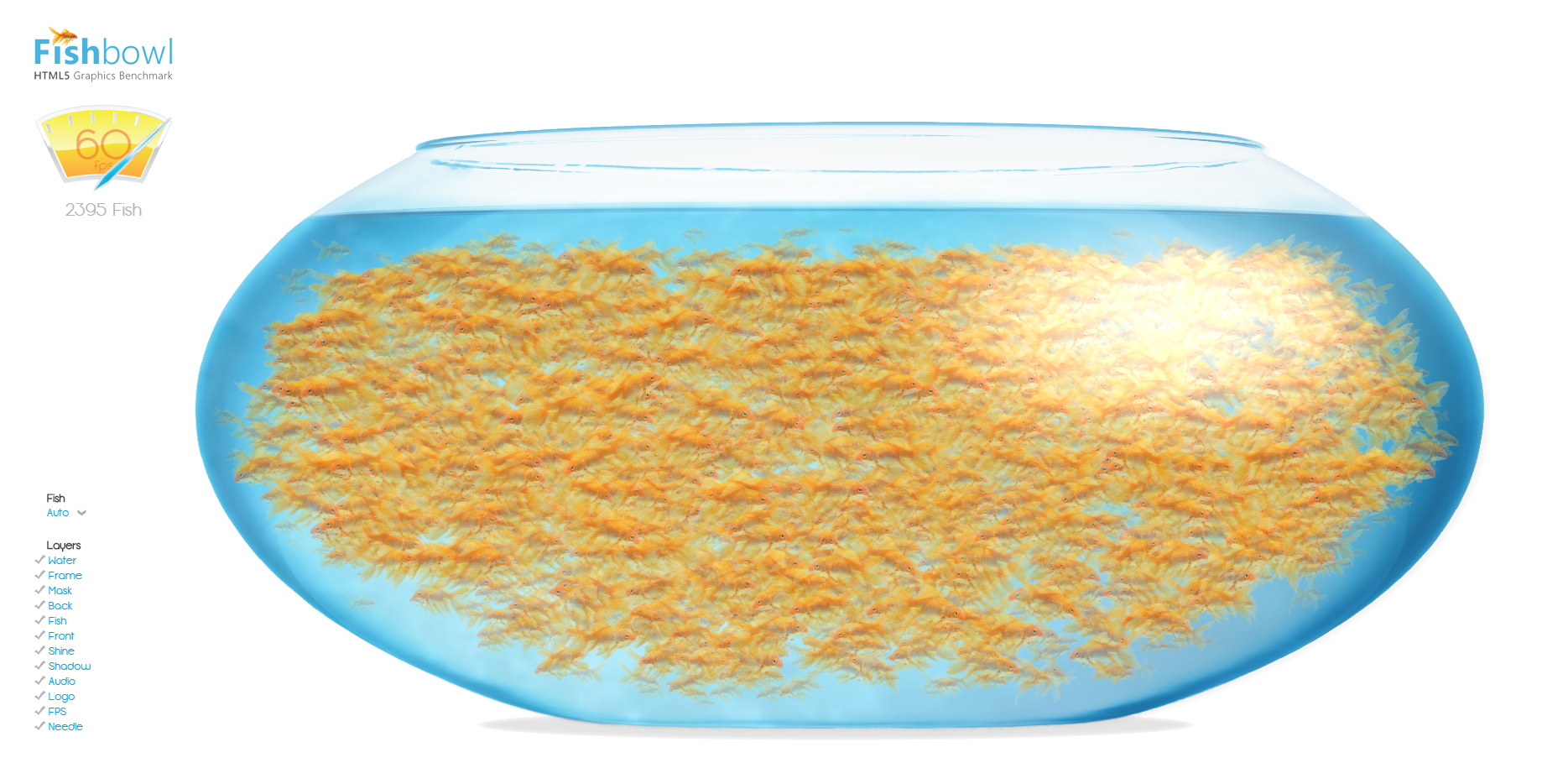 해당 사이트는 GPU를 사용하여 60 프레임으로 금붕어가 최대 몇 마리까지 보이는지
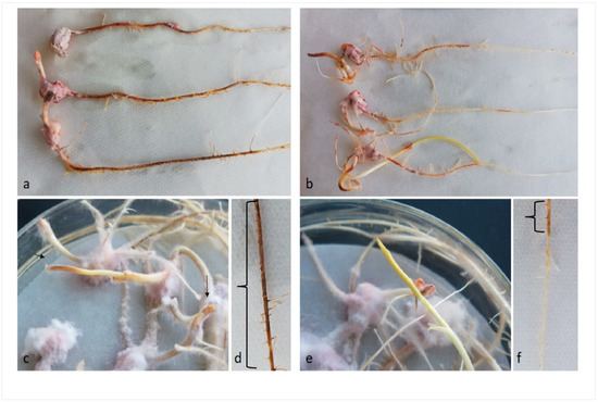Seedling shoots and roots showing necrotic areas caused by infection with Fusarium verticillioides wild-type (wt) or fum1 deletion mutant (fum1∆) strains. (a) wt and (b) fum1∆ infected seedlings at 14 days after infection (dai); close view of typical shoots and the necrotic portion of the roots in wt-(c,d) and in fum1∆ infected seedlings (e,f) with (the necrotic areas are indicated by the arrows—in the shoots—and between brackets—in the roots).
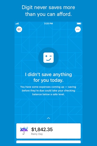I got this to try to save some additional money. At first it was good. $2 here $4 there not that big a deal. It is based on what you spend. So say one week you dont spend a lot because you are waiting for payday or have an upcoming expense. The app then takes that into account and saves more. It took $60 out of my account over 3 days. Which defeats the purpose of me not spending money that week. You can set up how much it takes out, but then what is the point of the app if you have to micro manage it. Im sure for a lot of people it is helpful. So dont hesitate to give it a try. Just didnt work out for me.
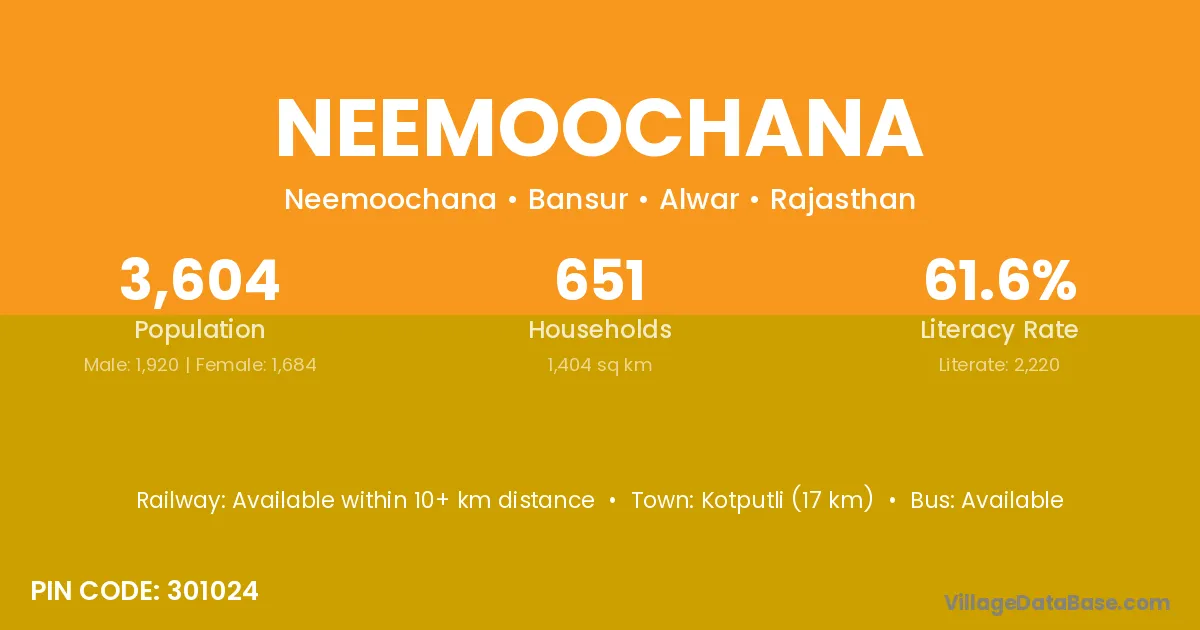 Kotputli (17 km) is the nearest town to Neemoochana village for major economic activities and is located approximately 17 km away.
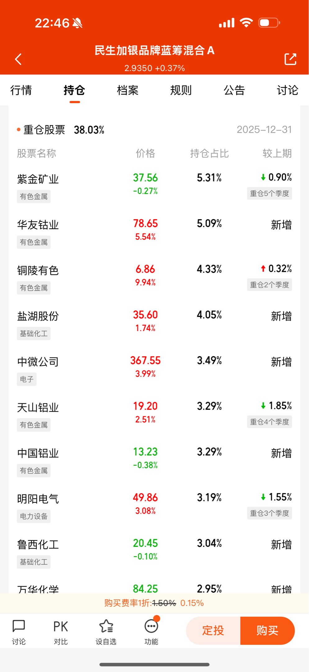 最近确实涨的不错,真难得,可今天怎么才0.37%?也差太多了,主要持仓又大调整了吗?今天整体有色也涨了接近3%啊!
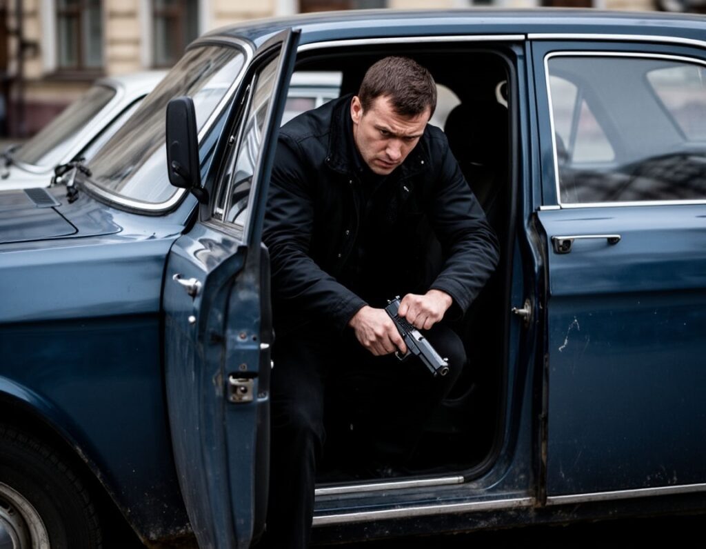 Он вышел из машины, достал из тайника запасной пистолет и направился к старой «Волге», припаркованной неподалёку.
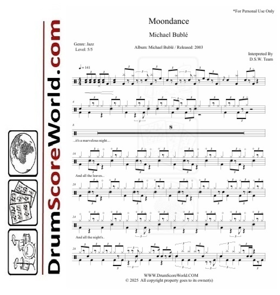 Unlock the smooth, jazzy feel of Michael Bublé's classic hit, "Moondance." on Drums | PDF Download

TASK BRIEF =
Please return the full listing exactly as given, with the images left out.

PROBLEM SOLUTION =
 해당 사이트는 GPU를 사용하여 60 프레임으로 금붕어가 최대 몇 마리까지 보이는지
Seedling shoots and roots showing necrotic areas caused by infection with Fusarium verticillioides wild-type (wt) or fum1 deletion mutant (fum1∆) strains. (a) wt and (b) fum1∆ infected seedlings at 14 days after infection (dai); close view of typical shoots and the necrotic portion of the roots in wt-(c,d) and in fum1∆ infected seedlings (e,f) with (the necrotic areas are indicated by the arrows—in the shoots—and between brackets—in the roots).
I got this to try to save some additional money. At first it was good. $2 here $4 there not that big a deal. It is based on what you spend. So say one week you dont spend a lot because you are waiting for payday or have an upcoming expense. The app then takes that into account and saves more. It took $60 out of my account over 3 days. Which defeats the purpose of me not spending money that week. You can set up how much it takes out, but then what is the point of the app if you have to micro manage it. Im sure for a lot of people it is helpful. So dont hesitate to give it a try. Just didnt work out for me.
 Kotputli (17 km) is the nearest town to Neemoochana village for major economic activities and is located approximately 17 km away.
 最近确实涨的不错,真难得,可今天怎么才0.37%?也差太多了,主要持仓又大调整了吗?今天整体有色也涨了接近3%啊!
 Он вышел из машины, достал из тайника запасной пистолет и направился к старой «Волге», припаркованной неподалёку.
 Unlock the smooth, jazzy feel of Michael Bublé's classic hit, "Moondance." on Drums | PDF Download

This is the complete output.